Let’s select some of the most relevant brands and check if the same observation happens to them:
red_out_clean_smartphones_sold %>%
filter(brand == "SAMSUNG" | brand == "Apple" | brand == "Lenovo" | brand == "Redmi" |brand == "Motorola" | brand == "ASUS") %>%
ggplot(aes(x = australian_dolar, y = number_of_ratings, color = brand)) +
geom_jitter(size = 2) +
scale_y_log10() +
#geom_smooth(method = "lm") +
theme_classic() +
facet_wrap(~brand)

At a first moment it seems that the same happens with SAMSUNG and Motorola, interesting right?
Meanwhile it seems that Redmi, Lenovo and ASUS, are maintaining very likely low prices and high ratings, but this does not means that there isn’t any kind of correlation within this observation.
Let’s use the geom_smooth function to apply a simple
linear regression model in our plot, if the model draws a line pointing
down, then this means that there is correlation between the variables
and that is a negative correlation.
red_out_clean_smartphones_sold %>%
filter(brand == "SAMSUNG" | brand == "Apple" | brand == "Lenovo" | brand == "Redmi" |brand == "Motorola" | brand == "ASUS") %>%
ggplot(aes(x = australian_dolar, y = number_of_ratings, color = brand)) +
geom_jitter(size = 2) +
scale_y_log10() +
geom_smooth(method = "lm") +
facet_wrap(~brand) +
theme_fivethirtyeight()

Let’s check how strong is our correlation
It seems like the same is real even for other brands.
How can a product price affects it’s ratings?
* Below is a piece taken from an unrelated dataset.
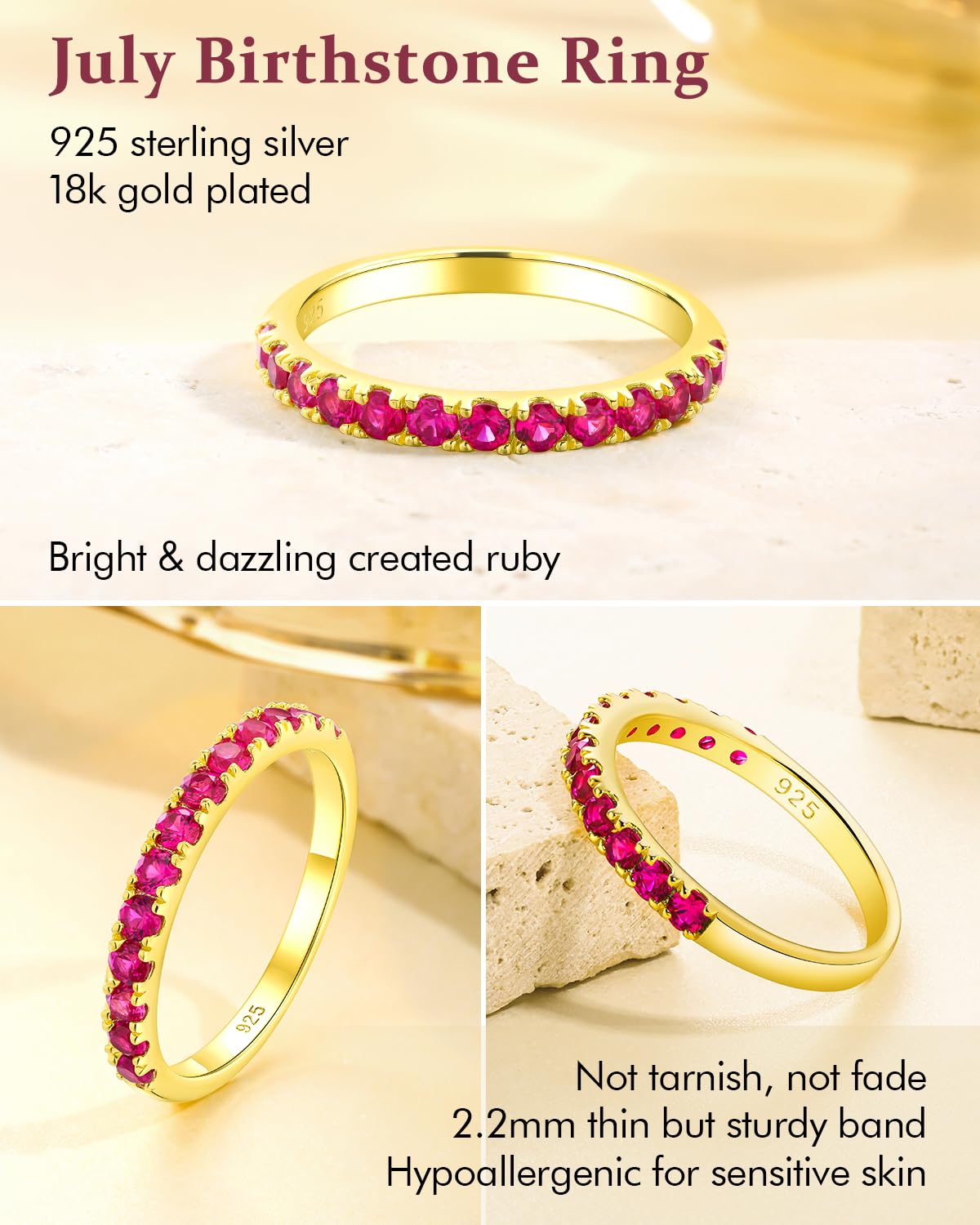 - Gold Plated Rings: Expertly crafted from premium 925 sterling silver, this classic ruby band ring features a high-polish finish with durable that resists tarnishing and scratching. Lead- and nickel-free, it is hypoallergenic for sensitive skin. The delicate 2.2mm band provides a sleek, comfortable fit, perfect for everyday wear
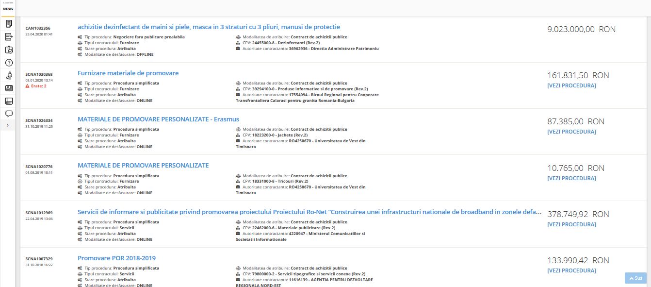 În baza acordului cadru au fost încheiate două contracte subsecvente pe perioada decretării stării de urgență conform Decretului nr. 195/2020 publicat în Monitorul Oficial nr. 212/16.03.2020 și Decretului nr. 240/2020 publicat în Monitorul Oficial nr. 311/14.04.2020.

What would be an optimal price to obtain high ratings?
In the next post, I will write about how to evaluate and use models in our favour.
Let’s go back to our Apple dataset:
cor(clean_apple_sold_in_india$australian_dolar, clean_apple_sold_in_india$number_of_ratings, method = c("pearson"))
cor(clean_apple_sold_in_india$australian_dolar, clean_apple_sold_in_india$number_of_ratings, method = c("spearman"))
cor(clean_apple_sold_in_india$australian_dolar, clean_apple_sold_in_india$number_of_ratings, method = c("kendal"))
[1] -0.7015259
[1] -0.8029363
[1] -0.6314646
The correlation coefficient shows us a strong negative Pearson correlation of -0.7
See you next time!